Moore and Barberis found Kolker should have granted judgment for Pilot.
Moore wrote that it wasn’t reasonably foreseeable that a third party would obtain a roll of toilet paper and balance it in a way to booby trap the stall.
He wrote that the identity of the individual who caused the injuries was unknown and he found no evidence relating to how Pilot and Denny’s coexist.
He wrote that to ensure it didn’t happen again, Pilot would have to hire restroom monitors and privacy would be infringed.
Wharton found Pearson was on Pilot’s premises for business purposes regardless of whether she shopped there.
He wrote that the question was whether it was reasonably foreseeable that a patron might place a roll of toilet paper anywhere it might pose a risk.
Neither Moore nor Wharton brought up workers’ compensation.

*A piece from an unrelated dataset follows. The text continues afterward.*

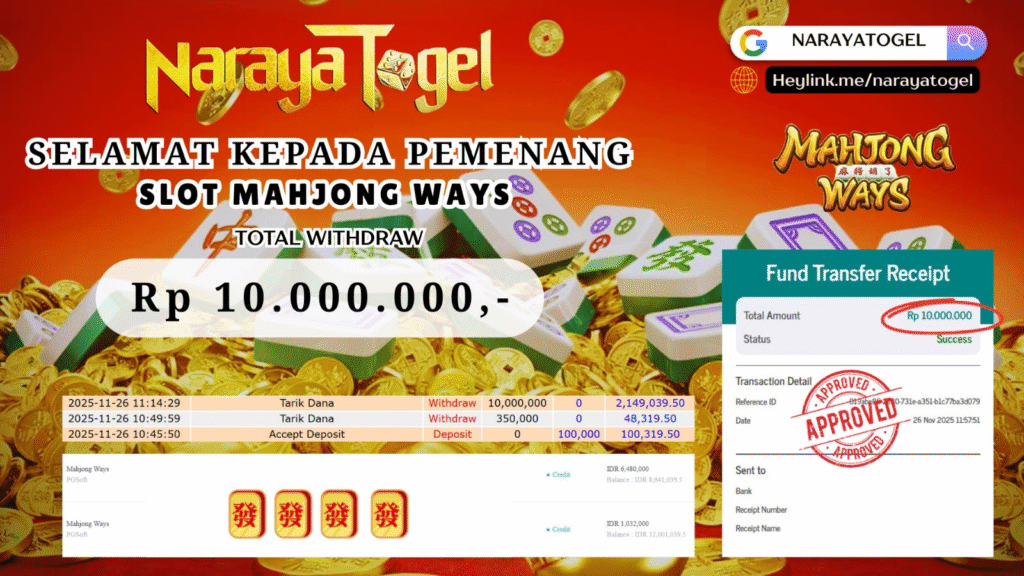 Selamat kepada User id FOP**** Telah berhasil mendapatkan kemenangan besar pada permainan SLOT MAHJONG WAYS Dengan kemenangan Sebesar Rp 10.000.000 Setelah mengisi formulir withdraw dengan kurang waktu hanya 1 – 10 menit pihak NARAYATOGEL sudah melakukan transfer kepada pemiliknya dan dana sudah masuk ke rekening id tersebut oleh pemenang. Bukti pembayaran yang kami berikan merupakan bukti pembayaran yang SAH / VALID yang langsung di dapatkan melalui tanda transfer transaksi berhasil dari Bank yang di tuju.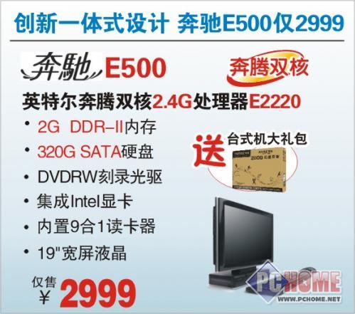 自上市以来,神舟奔驰E500一体式电脑就以其主机显示器合二为一的独特设计,以及超低价格和不俗的性能表现而深受广大消费者的喜爱。神舟奔驰E500从即日起处理器升级为奔腾双核2.4G E2220,这个暑假将再次掀起促销波澜,让你坐享高端处理器带来的澎湃新动力,关注的朋友千万不要错过,现在购买还送千元台式机大礼包!

Rich brought it up in the rehearing petition, writing that the workers’ compensation commission awarded temporary benefits for the same injury in 2018.
He wrote that Barberis, while sitting on the Fifth District workers’ compensation division, authored a decision that reversed the commission. Barberis found no connection between Denny’s and the mechanism of injury.
“The mechanism of injury is the same issue whether the claim is based on the Workers’ Compensation Act or the common law,” Rich wrote.
He wrote that Barberis had already expressed his views of the merits of plaintiff’s injury case arising from the same accident.
He wrote that there was no mechanism for a change of appellate court justices.
“Further, the first time plaintiff appellee learned who was on the panel was the day of oral argument, meaning that Justice Barberis and the panel had already reviewed the briefing and the record,” he wrote.
“Plaintiff as well as the public had the right to believe that Justice Barberis would recuse himself once he realized that this was the same case over which he had previously presided.”
He wrote that Pilot employees knew patrons would misplace and misuse toilet paper, and that they all acknowledged it could create a hazard.
He wrote that it was certainly no burden for Pilot to keep toilet paper rolls where they should be.
The three judges who heard the case will render a decision on the rehearing petition.
If they deny it, Pearson would have 35 days to petition the Supreme Court for leave to appeal their decision.
Pilot has no right to respond to the petition, but the judges can request a response.